──────── Given entries

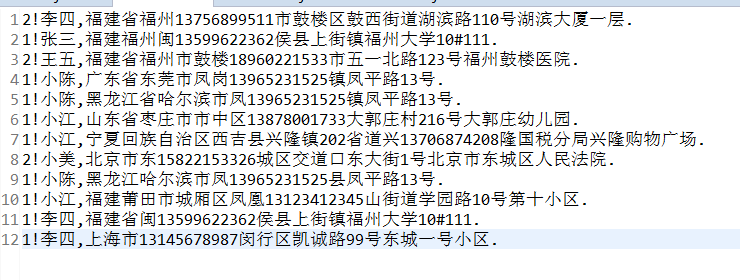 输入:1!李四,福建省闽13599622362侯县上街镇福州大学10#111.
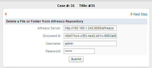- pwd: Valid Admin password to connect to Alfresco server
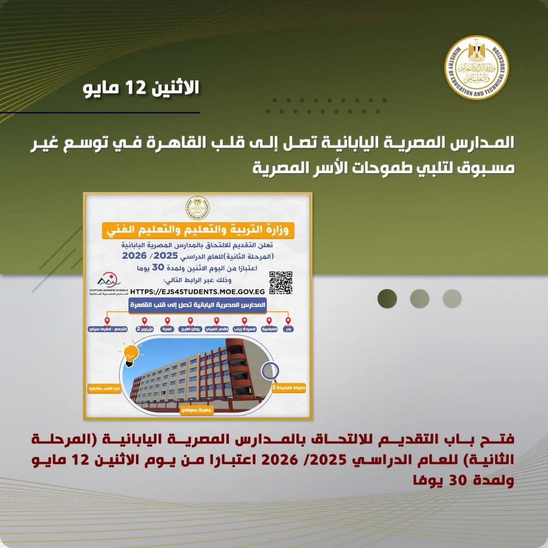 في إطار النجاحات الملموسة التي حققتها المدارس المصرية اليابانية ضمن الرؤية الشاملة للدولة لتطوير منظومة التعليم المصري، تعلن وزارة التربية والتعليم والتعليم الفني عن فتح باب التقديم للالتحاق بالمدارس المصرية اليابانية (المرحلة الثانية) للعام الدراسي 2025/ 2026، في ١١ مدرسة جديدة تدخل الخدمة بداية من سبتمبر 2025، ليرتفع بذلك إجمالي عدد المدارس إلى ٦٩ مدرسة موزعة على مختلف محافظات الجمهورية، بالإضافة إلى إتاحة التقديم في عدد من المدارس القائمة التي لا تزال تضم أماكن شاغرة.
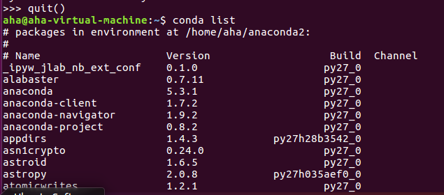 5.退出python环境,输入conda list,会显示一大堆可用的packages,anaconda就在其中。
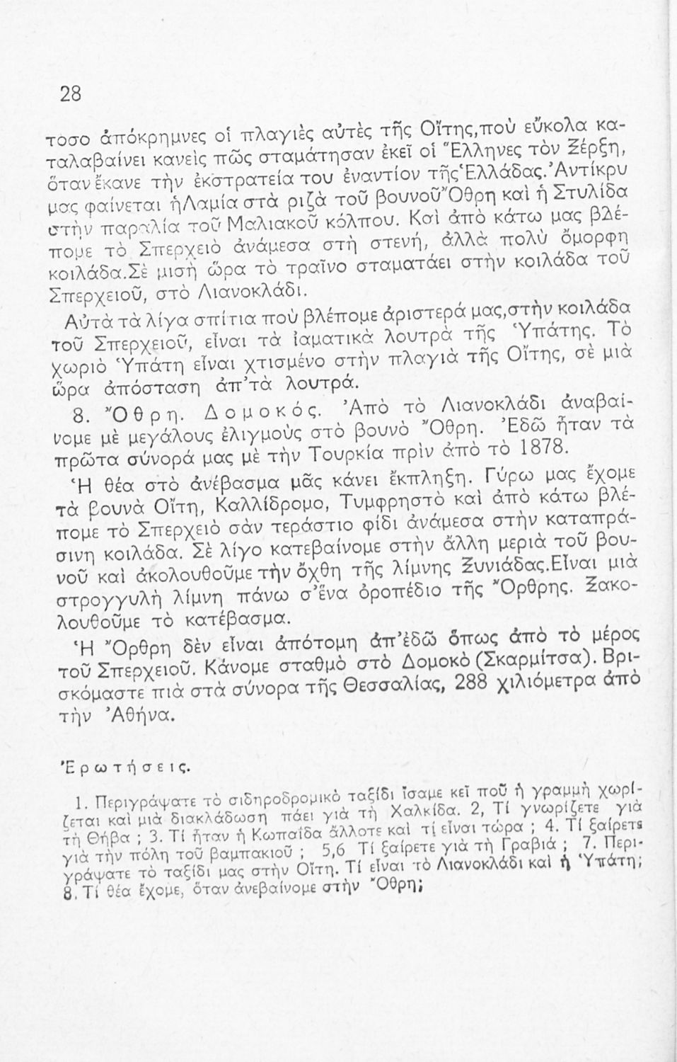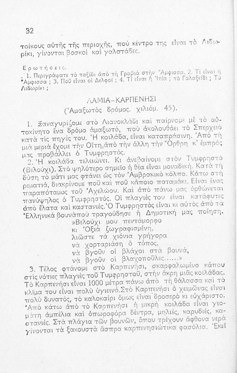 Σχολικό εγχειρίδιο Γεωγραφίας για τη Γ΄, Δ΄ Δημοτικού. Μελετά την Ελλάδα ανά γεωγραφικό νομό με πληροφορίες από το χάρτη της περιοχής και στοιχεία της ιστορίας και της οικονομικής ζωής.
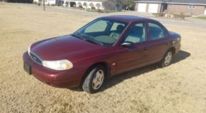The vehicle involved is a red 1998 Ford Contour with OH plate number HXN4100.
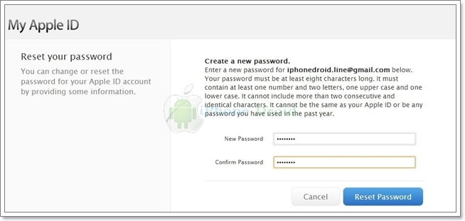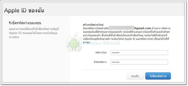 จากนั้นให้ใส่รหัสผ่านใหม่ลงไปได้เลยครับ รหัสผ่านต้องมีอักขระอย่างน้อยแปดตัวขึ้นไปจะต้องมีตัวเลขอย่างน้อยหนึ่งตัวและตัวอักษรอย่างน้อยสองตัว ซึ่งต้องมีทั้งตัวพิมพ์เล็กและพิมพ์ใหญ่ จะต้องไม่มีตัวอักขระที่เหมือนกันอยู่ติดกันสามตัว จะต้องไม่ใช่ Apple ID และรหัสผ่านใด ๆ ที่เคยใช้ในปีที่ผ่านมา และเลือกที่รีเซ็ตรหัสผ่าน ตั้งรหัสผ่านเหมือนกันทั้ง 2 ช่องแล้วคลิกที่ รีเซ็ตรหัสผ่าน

────────────────
──────── Given entries

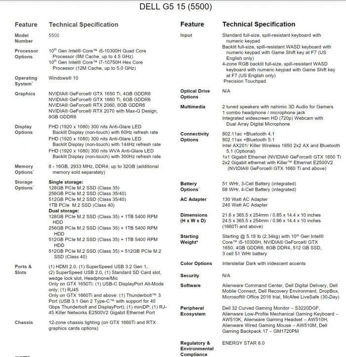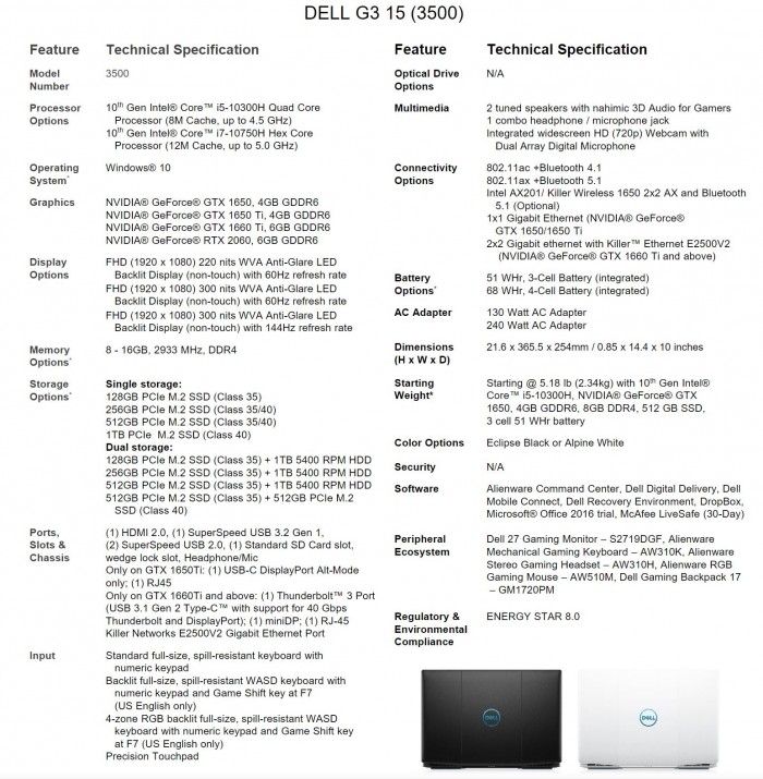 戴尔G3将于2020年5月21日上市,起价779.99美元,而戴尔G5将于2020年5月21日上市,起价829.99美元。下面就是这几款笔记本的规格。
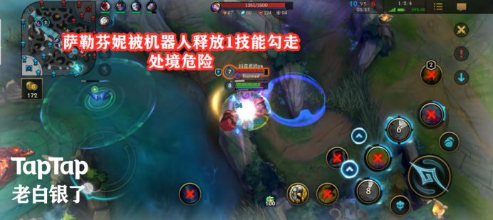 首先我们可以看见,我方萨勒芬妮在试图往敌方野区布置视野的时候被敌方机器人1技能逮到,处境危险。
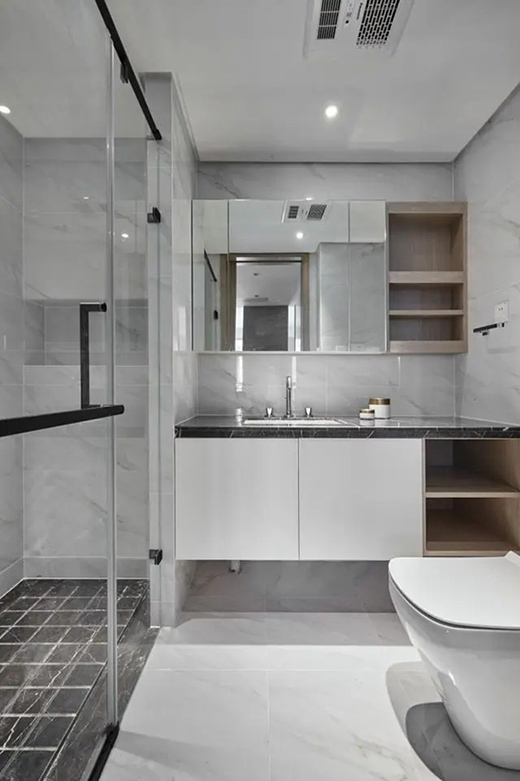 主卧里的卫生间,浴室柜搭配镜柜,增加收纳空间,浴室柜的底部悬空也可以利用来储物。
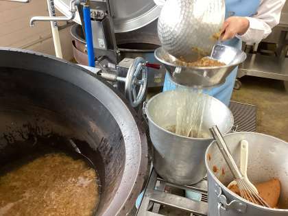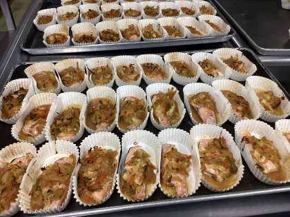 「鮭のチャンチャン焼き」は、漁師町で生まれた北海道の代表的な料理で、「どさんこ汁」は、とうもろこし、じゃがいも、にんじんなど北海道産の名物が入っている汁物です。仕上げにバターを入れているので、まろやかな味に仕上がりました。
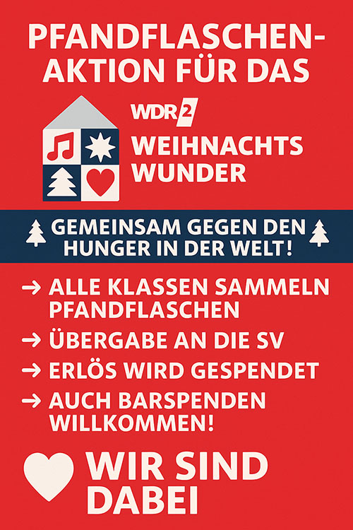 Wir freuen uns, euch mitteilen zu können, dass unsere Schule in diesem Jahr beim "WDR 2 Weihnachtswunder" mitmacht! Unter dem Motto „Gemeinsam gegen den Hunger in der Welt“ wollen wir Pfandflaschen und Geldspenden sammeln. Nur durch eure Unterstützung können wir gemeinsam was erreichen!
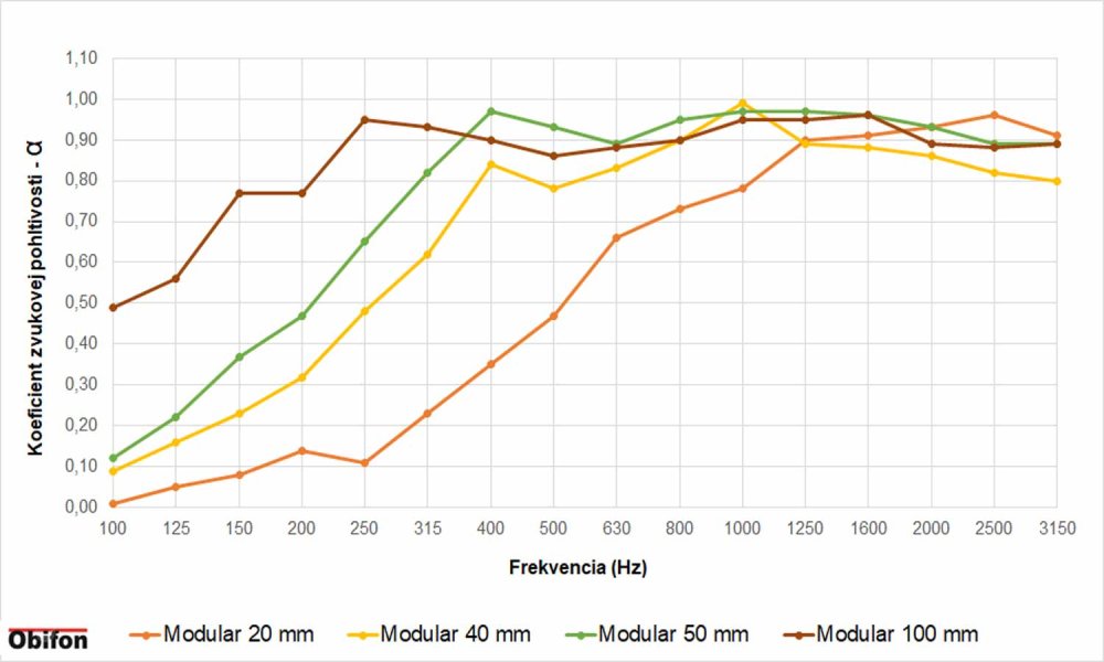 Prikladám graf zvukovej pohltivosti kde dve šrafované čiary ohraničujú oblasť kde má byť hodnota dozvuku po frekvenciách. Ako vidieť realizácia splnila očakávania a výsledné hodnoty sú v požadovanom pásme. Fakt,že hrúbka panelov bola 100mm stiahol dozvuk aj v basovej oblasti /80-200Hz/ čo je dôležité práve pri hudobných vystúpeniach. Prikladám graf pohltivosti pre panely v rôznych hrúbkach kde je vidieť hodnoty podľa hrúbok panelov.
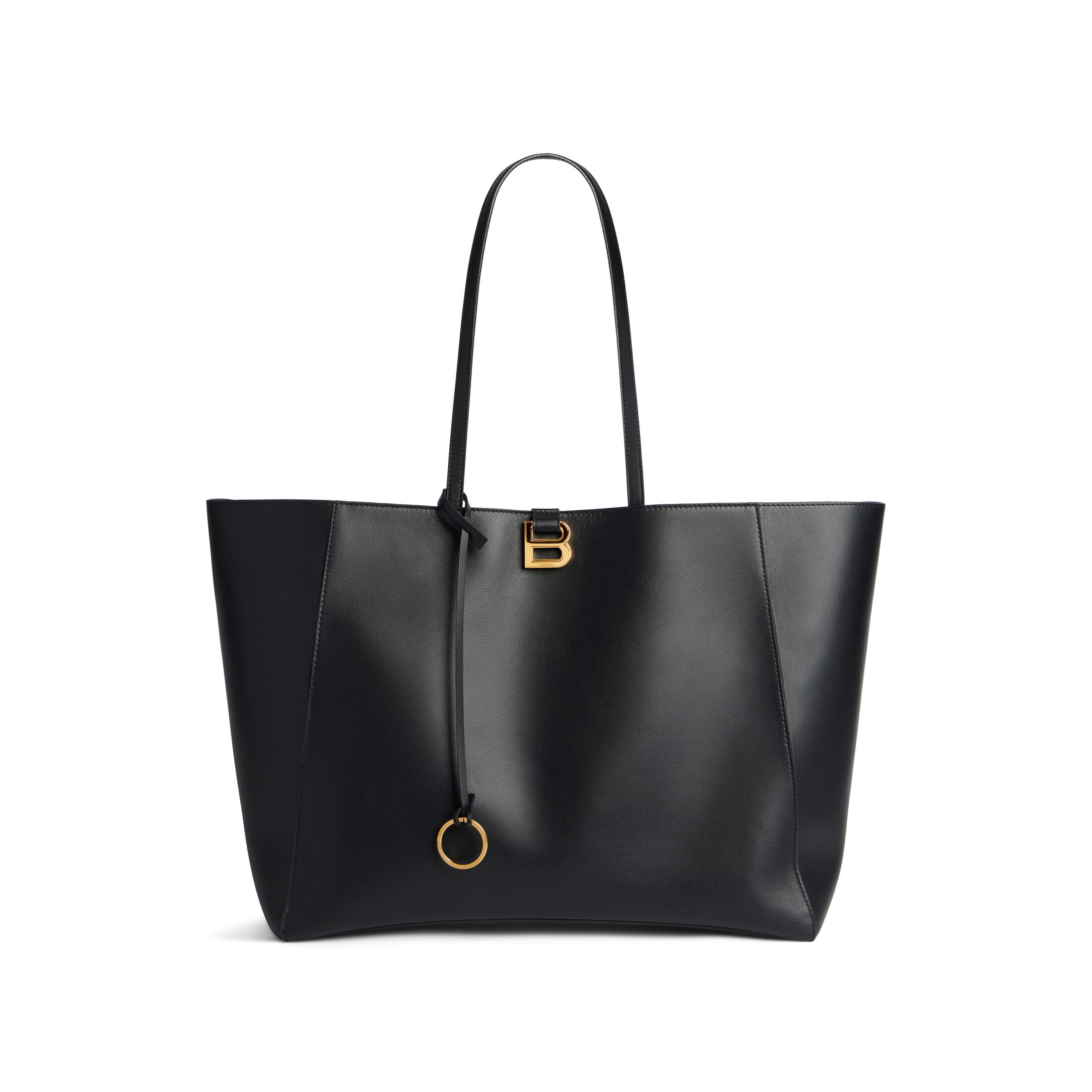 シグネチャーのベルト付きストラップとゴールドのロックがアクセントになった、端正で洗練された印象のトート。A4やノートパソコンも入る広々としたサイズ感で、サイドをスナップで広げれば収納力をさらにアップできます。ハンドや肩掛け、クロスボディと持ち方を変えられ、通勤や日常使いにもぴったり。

────────────────

▶ _Exercise goal_
Pictures aside, return exactly the lines from the data above, starting at the line that has "Prikladám graf zvukovej" and ending at the line that has "シグネチャーのベルト付きスト", both included.

▶ _Answer below_
 Prikladám graf zvukovej pohltivosti kde dve šrafované čiary ohraničujú oblasť kde má byť hodnota dozvuku po frekvenciách. Ako vidieť realizácia splnila očakávania a výsledné hodnoty sú v požadovanom pásme. Fakt,že hrúbka panelov bola 100mm stiahol dozvuk aj v basovej oblasti /80-200Hz/ čo je dôležité práve pri hudobných vystúpeniach. Prikladám graf pohltivosti pre panely v rôznych hrúbkach kde je vidieť hodnoty podľa hrúbok panelov.
 シグネチャーのベルト付きストラップとゴールドのロックがアクセントになった、端正で洗練された印象のトート。A4やノートパソコンも入る広々としたサイズ感で、サイドをスナップで広げれば収納力をさらにアップできます。ハンドや肩掛け、クロスボディと持ち方を変えられ、通勤や日常使いにもぴったり。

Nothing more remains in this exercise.